Bunny smirked as she glanced sidelong at me and before I could get out a word edgewise, she said, “I would not worry too much, Mother. Trust me, Lady Stone has done her fair share of rutting.”
“That is neither here nor there, Bunny.” I topped off my protest with a punch in her arm, a semi-playful one but I didn’t pull it too much. I knew she could take it after all. “Let us focus on finding your missing mate.”
Bunny winced from the punch but laughed it off, rubbing her arm. “Yes, of course.” She turned her focus back to a confused-looking Mother. “I will take it as truth that marital issues have no place in this investigation. As you say, you have no idea as to why he left, what about my second question? Do you have any idea of where he intended to go?”
Casting one last glance at me which I answered with a reassuring smile, the Garou Chien looked back to Bunny, her brow tightening in thought, no doubt complicated by the constant scamper of Corgis around the room. One of the younger ones, closer to an actual puppy than the others, was doing his or her level best to climb onto the couch with us. Sympathetic to the short-legged dog’s plight, I leaned over to help.

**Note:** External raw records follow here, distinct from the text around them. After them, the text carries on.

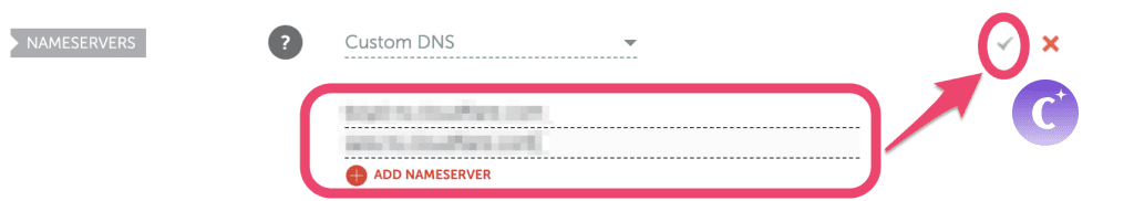 หลังจากนั้นก็เอา Nameservers ทั้ง2 อัน ที่เราก๊อปมาจากCloudflare ไปเปลี่ยนตามรูป แล้ว กดยืนยันโดย กดที่ปุ่มเครื่องหมายถูก ตามรูปค่ะ
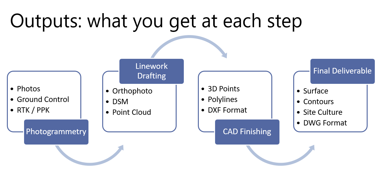 The purpose of this workflow is to go from drone photos to land survey deliverables in CAD. This means a single CAD file that contains:
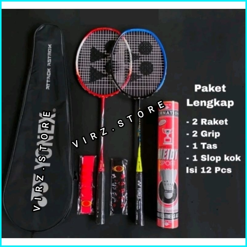 Raket Badminton Paket Lengkap Model Senyawa Tanpa Sambungan Terlaris 2 Raket 2 Grip Kok Tas
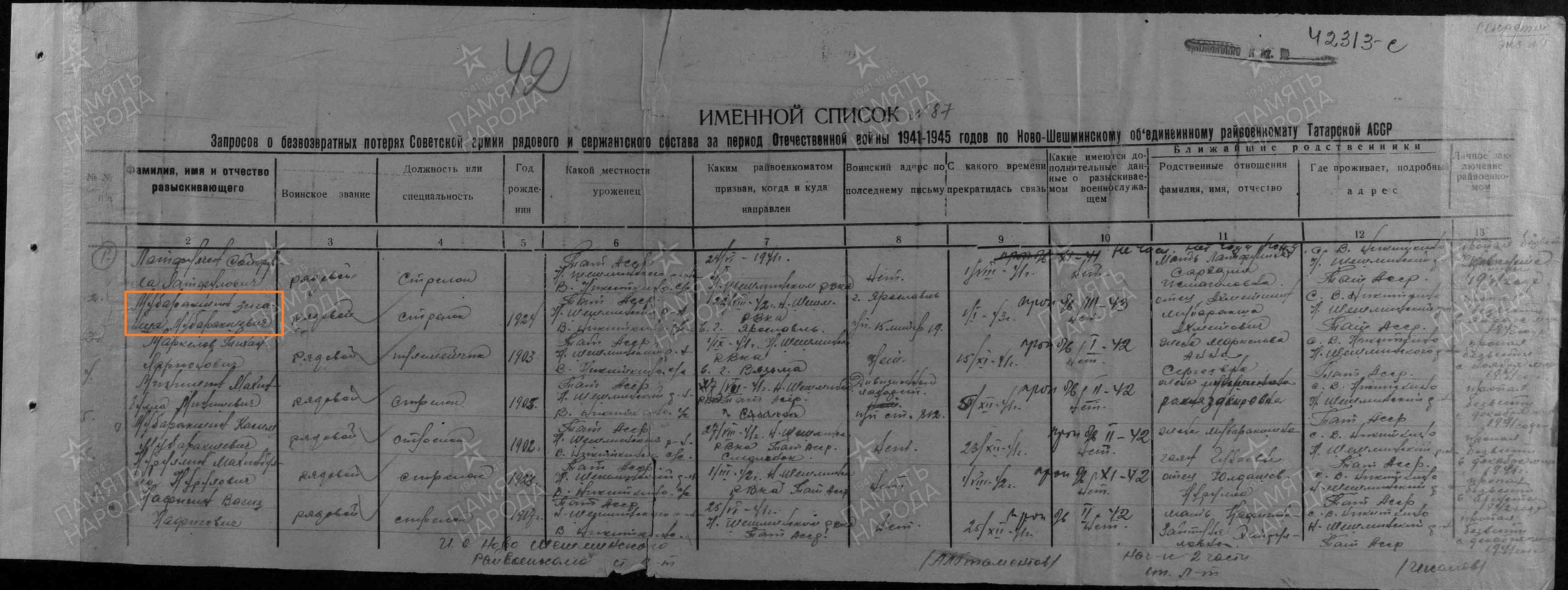 МУБАРАКШИН ЗИГАНША МУБАРАКШЕВИЧ родился в 1924 году в с.Верхнее Никиткино Чистопольского кантона ТАССР (ныне с. Тубылгы-Тау Новошешминского района РТ). Мобилизован Новошешминским РВК. Пропал без вести: 03.43 г.
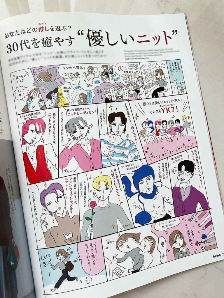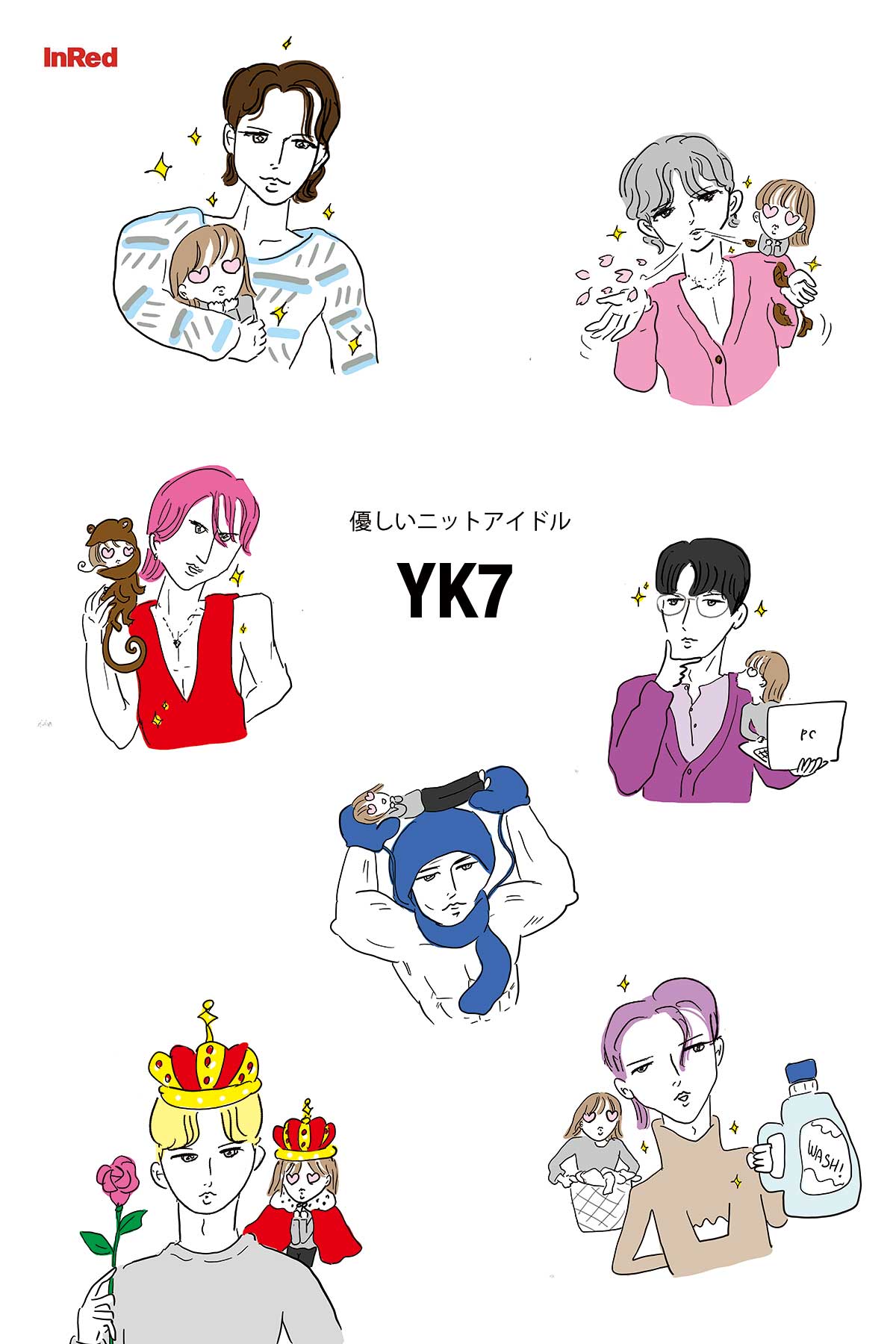 「YK7」は、優しいニットアイドル7人で構成されていて、歌って踊れてニットが最高に似合うスーパーアイドルです。『InRed』11月号のニット企画で誕生しました。

“As with why, he did not say where” – she paused for a beat – “but I know some things that might point you towards his scent.”

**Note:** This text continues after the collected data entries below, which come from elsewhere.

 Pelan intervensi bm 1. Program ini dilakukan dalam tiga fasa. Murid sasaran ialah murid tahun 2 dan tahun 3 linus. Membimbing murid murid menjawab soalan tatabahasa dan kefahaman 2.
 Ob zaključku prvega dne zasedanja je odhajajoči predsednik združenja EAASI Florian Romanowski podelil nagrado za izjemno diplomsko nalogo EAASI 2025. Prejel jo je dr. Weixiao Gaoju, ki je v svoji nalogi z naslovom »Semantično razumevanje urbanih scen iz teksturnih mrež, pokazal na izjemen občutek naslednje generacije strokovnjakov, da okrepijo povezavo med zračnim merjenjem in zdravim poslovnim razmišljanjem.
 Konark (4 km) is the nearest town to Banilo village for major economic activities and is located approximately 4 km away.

Without even thinking, I began scratching behind the ear of the Corgi in my lap. “That would be of great assistance, I am sure,” I smiled, figuring I should be a good cop. Well, maybe better cop would sound better. It’s not like Bunny was playing a bad cop, after all.
Mother nodded slowly. “He did not intend to go far, as he left in his natural shape. No automobile, no taxi, no Uber, not even other human conveniences. None of the people we know in this neighborhood have seen him and none of us, even Samson, the best of my litter in tracking, have found a scent of him beyond the yard.”